Namun, penelitian baru menunjukkan bahwa gaya hidup, terutama kehidupan seksual yang sehat, dapat mempengaruhi waktu terjadinya menopause.
Sebuah studi yang diterbitkan dalam Royal Society of Open Science mengungkap hubungan menarik antara aktivitas seksual dan waktu menopause. Penelitian ini melibatkan lebih dari 2.936 perempuan di Amerika Serikat dengan usia antara 42 hingga 52 tahun.
Tujuan dari penelitian ini adalah untuk mengevaluasi seberapa sering para partisipan terlibat dalam aktivitas seksual, termasuk berbagai bentuk seperti sentuhan, seks oral, hubungan seksual penetratif, dan masturbasi.
Data yang diperoleh menunjukkan bahwa sekitar 78% partisipan berada dalam ikatan pernikahan atau menjalin hubungan, dan 68% tinggal bersama pasangan mereka.
Hasil analisis menunjukkan bahwa perempuan yang melaporkan terlibat dalam hubungan seksual setidaknya sekali seminggu memiliki kemungkinan 28 persen lebih rendah untuk mengalami menopause dini dibandingkan dengan mereka yang hanya melakukannya sebulan sekali atau lebih jarang.

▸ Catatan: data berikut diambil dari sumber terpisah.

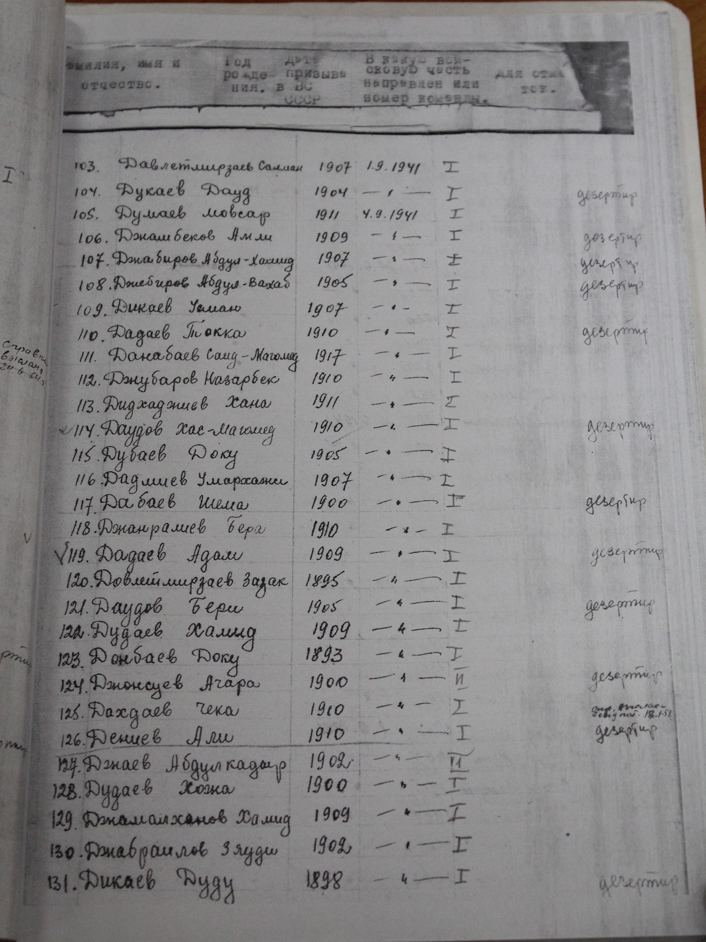 Айдамиров Хаси Бауевич, рождения 1915 года, кандидат в члены ВКП(б) с 1940 года… чеченец, крестьянин, образование низшее. В момент привлечения к партответственности работал председателем колхоза им. Ленина сел. Урус-Мартан, в данное время завхоз того же колхоза. 7 марта 1942 года Урус-Мартановским райкомом ВКП(б) исключён из кандидатов в члены ВКП(б) за невыполнение мобилизационных нарядов, за укрывательство дезертиров и уклонение от службы в РККА … Постановили: решение Урус-Мартановского РК ВКП(б) от 7 марта 1942 года утвердить, Айдамирова Х.В. за уклонение от службы в РККА из кандидатов в члены исключить. (РГАСПИ. Ф.17. Оп.44. Д.284. Л.55–55об.)»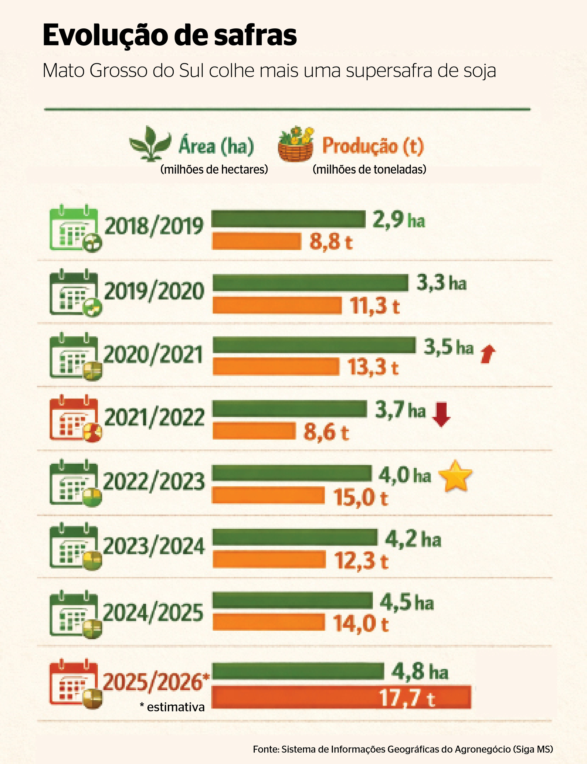O boletim Casa Rural, elaborado pela Federação da Agricultura e Pecuária de Mato Grosso do Sul (Sistema Famasul) e a Associação dos Produtores de Soja de MS (Aprosoja-MS), aponta, após a amostragem de produtividade em 19,5% da área, uma produtividade média de 61,73 sacas por hectare, representando um aumento de 19,2% em relação ao ciclo anterior.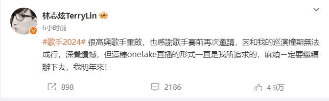 林志炫作为公认的实力唱将,之前在《披荆斩棘》中就已经小试牛刀,专业性令人印象深刻,而这次《歌手》重启,林志炫也表示确实邀请过他,但是因为节目录制时间与他的巡演撞档期了,所以不得已拒绝了。虽然今年无缘参加,但是表示明年原因加盟,相当真诚且很自信。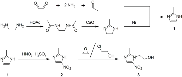 2-Methylimidazole (1) may be prepared via the Debus-Radziszewski imidazole synthesis, or from ethylenediamine and acetic acid, followed by treatment with lime, then Raney nickel. 2-Methylimidazole is nitrated to give 2-methyl-4(5)-nitroimidazole (2), which is in turn alkylated with ethylene oxide or 2-chloroethanol to give metronidazole (3):[64][65][66]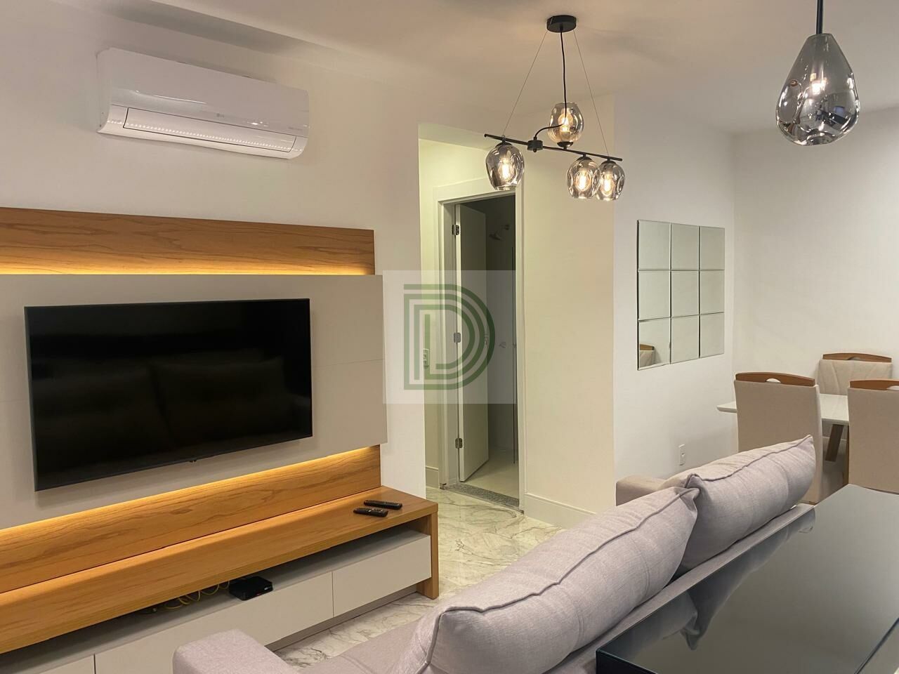 Sala para ambientes de TV e jantar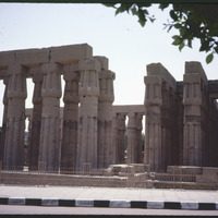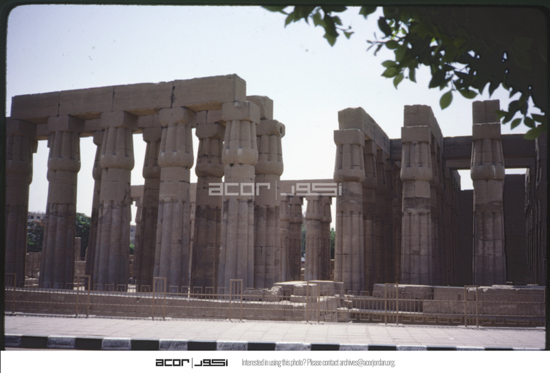 View from east of Luxor Temple and papyrus bud columns in court of Amenhotem III
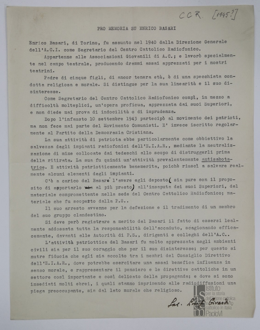 "Pro memoria su Enrico Basari", a cura di Luigi Civardi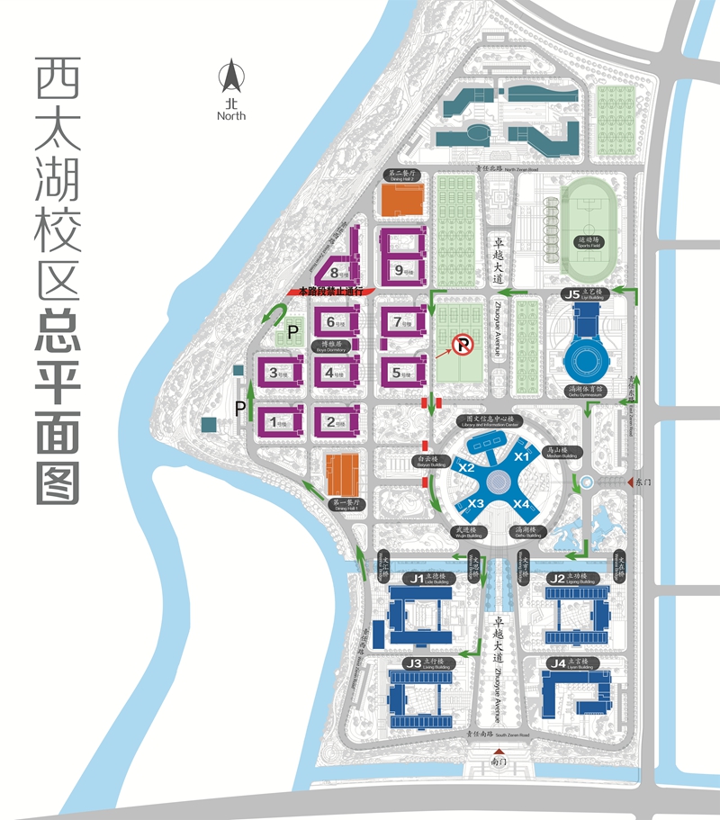 因8、9号楼基建施工需要,自2020年6月20日起,6号楼北侧道路路段全封闭施工,前往教学楼、餐厅、6号楼西侧临时停车场的车辆可按下图指示行驶,6号楼上班老师车辆可停放于7号楼北侧道路两侧或6号楼西侧临时停车场。老师可通过5、7号楼东侧南北向道路,往返教学楼,该道路路面较窄,请勿停放车辆并减速慢行。以上路段交通恢复时间约一个月,具体时间视基建施工进度提前通知。

Megan Arnot, penulis utama studi tersebut dan kandidat PhD di bidang antropologi evolusioner di University College London, menjelaskan bahwa temuan ini berasal dari pengamatan bahwa perempuan yang sudah menikah cenderung mengalami menopause pada usia yang lebih tua.
“Kami mencatat dalam literatur tentang menopause adanya kecenderungan bahwa perempuan yang sudah menikah mengalami menopause lebih lambat,” ungkap Arnot.

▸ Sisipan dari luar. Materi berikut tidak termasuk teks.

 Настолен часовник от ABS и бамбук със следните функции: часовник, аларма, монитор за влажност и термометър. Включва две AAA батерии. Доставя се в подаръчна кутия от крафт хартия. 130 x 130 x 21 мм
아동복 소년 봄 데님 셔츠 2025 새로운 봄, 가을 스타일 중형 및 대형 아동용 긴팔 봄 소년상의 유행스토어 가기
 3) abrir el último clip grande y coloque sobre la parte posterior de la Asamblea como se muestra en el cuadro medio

“Hal yang menarik adalah masih sedikit penelitian yang membahas hubungan ini. Kami berpikir bahwa mungkin ada respons adaptif tubuh terhadap frekuensi aktivitas seksual, dan itulah sebabnya kami memutuskan untuk menyelidikinya lebih lanjut,” tambahnya.
Walaupun studi ini tidak secara khusus menjelaskan alasan biologis mengapa kehidupan seksual yang aktif bisa menunda menopause, para peneliti menyarankan bahwa tubuh mungkin menghentikan proses ovulasi jika tidak ada kemungkinan untuk hamil, misalnya ketika seseorang tidak aktif secara seksual.
Dalam konteks ini, lebih baik bagi tubuh untuk mengalihkan energinya ke hal lain ketimbang mempertahankan sistem reproduksi yang tidak digunakan.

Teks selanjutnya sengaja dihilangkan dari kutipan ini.